The number of suicides in the United States reached an all-time high last year, and the national suicide rate was the highest recorded since 1941, according to a second CDC report released Wednesday.

Additionally, drug overdose deaths in the United States rose slightly last year after two big jumps at the start of the pandemic. And during the first six months of this year, the estimated number of overdose deaths continued to inch upward.

Life expectancy in the United States also remains lower than in dozens of other countries. It also didn’t recover as quickly as other places, including France, Italy, Spain and Sweden.

Steven Woolf, a mortality researcher at Virginia Commonwealth University, said he hopes the United States will eventually return to pre-pandemic life expectancy.

But “what I’m trying to say is: that’s not a good place to be,” he added.

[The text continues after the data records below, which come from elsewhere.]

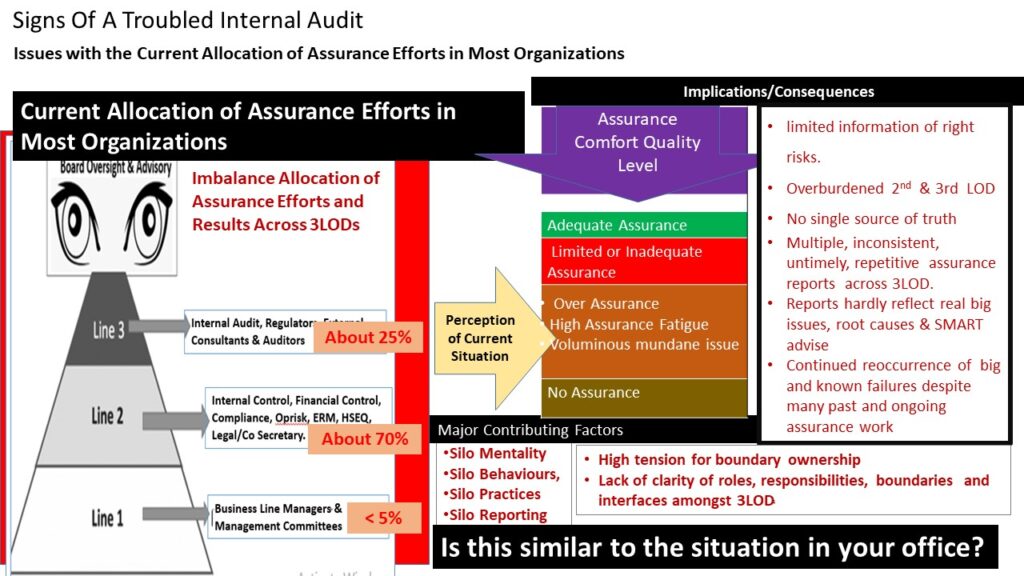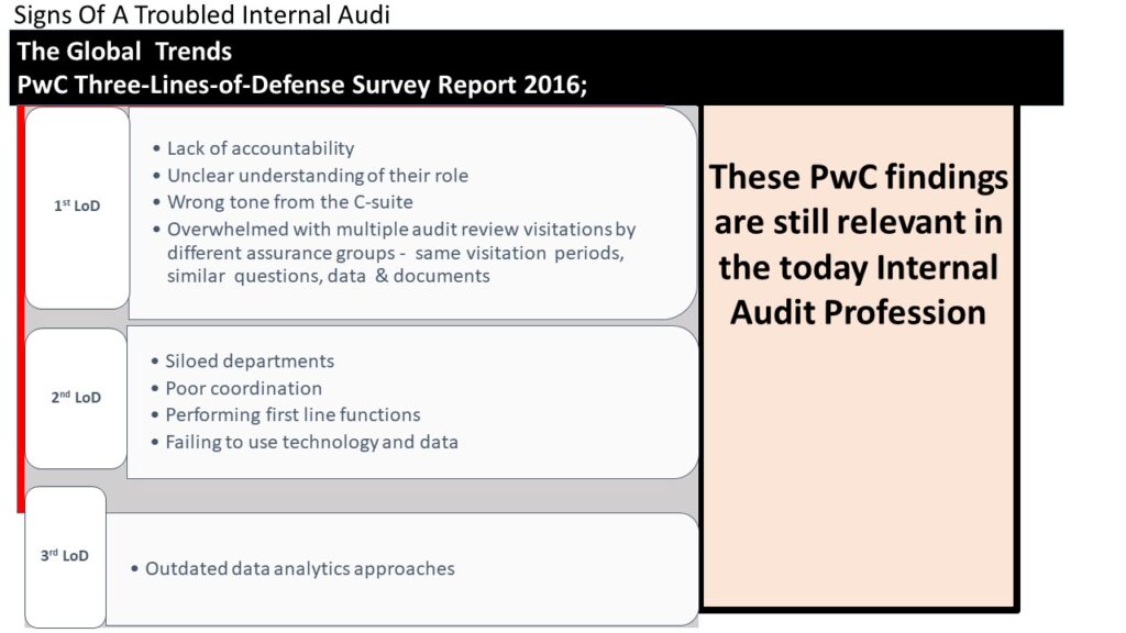 However, a large number of organizations in many jurisdictions are still struggling in delivering audit excellence. The root cause is mostly attributed to knowledge gap and limited funding. In such organizations the results of the PwC Global Survey of 2016 are still relevant today. These findings are clear indications of an underperforming internal audit function.
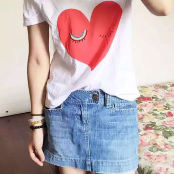 歐美2016春夏女睫毛大紅心T恤 眨眼愛心彩虹眼睛愛心V領(lǐng)女短袖 /
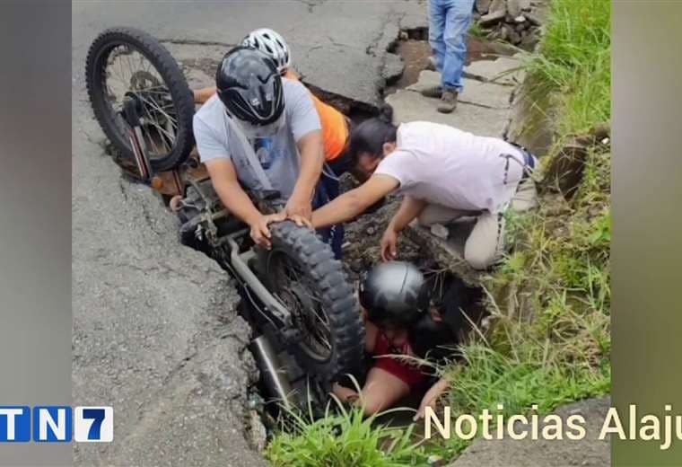 Video: Motociclista y acompañante caen a enorme hueco en Alajuela
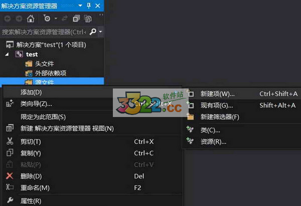 解決方案資源管理器 -> 源文件(右鍵)-> 添加 -> 新建項
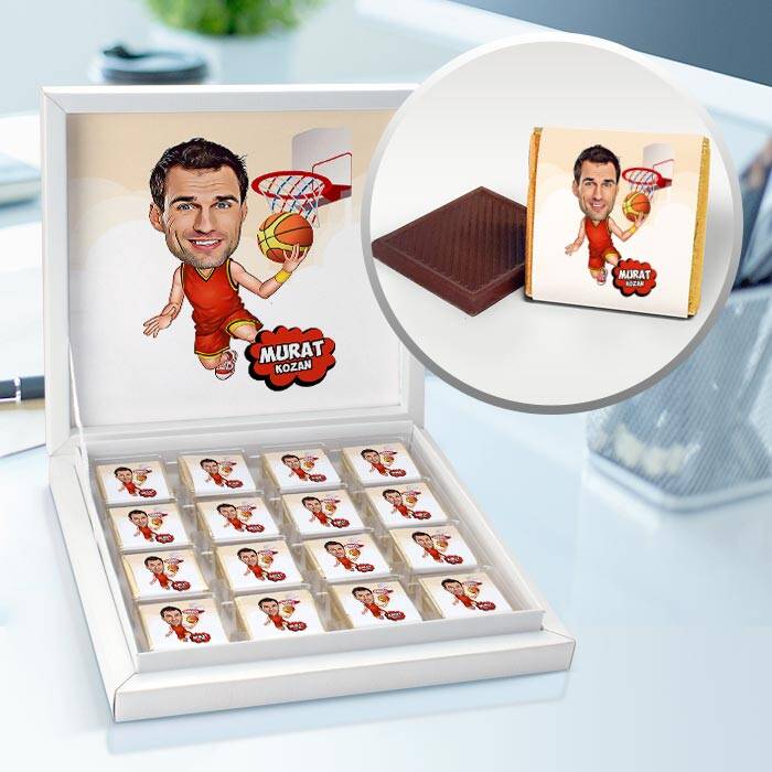 Saha içinde performansıyla parlayan harika basketbolcuya özel bir hediyeyle tebrik etme zamanı! Kendi karikatürüyle süslenmiş çikolatalar, hem lezzetli atıştırmalıklar hem de spor tutkusunun tatlı bir ifadesi olacak.

Do men or women live longer?

Some other highlights from the new report:

Life expectancy increased for both men and women and for all racial and ethnic groups.

Declining COVID-19 deaths drove 84% of the increase in life expectancy seen now. The next largest contributor was a decline in deaths from heart disease, which is blamed for about 4% of the increase. But experts note that deaths from heart disease increased during the pandemic, and both played a role in many deaths during that period.

Changes in life expectancy varied by race and ethnicity. Hispanic Americans, American Indians and Alaska Natives saw their life expectancy increase by more than two years in 2022. Black life expectancy increased by more than a year and a half. The life expectancy of Asian Americans increased by one year and the life expectancy of whites increased by about 10 months.

But the changes are relative, because Hispanic Americans and Native Americans were hardest hit at the start of COVID-19. Hispanic life expectancy fell more than four years between 2019 and 2021, and Native American life expectancy fell more than six years.

“Many of the big increases in life expectancy are coming from the groups that suffered the most from COVID,” said Mark Hayward, a sociology professor at the University of Texas who researches how different factors affect adult deaths. “They had more things to recover from.”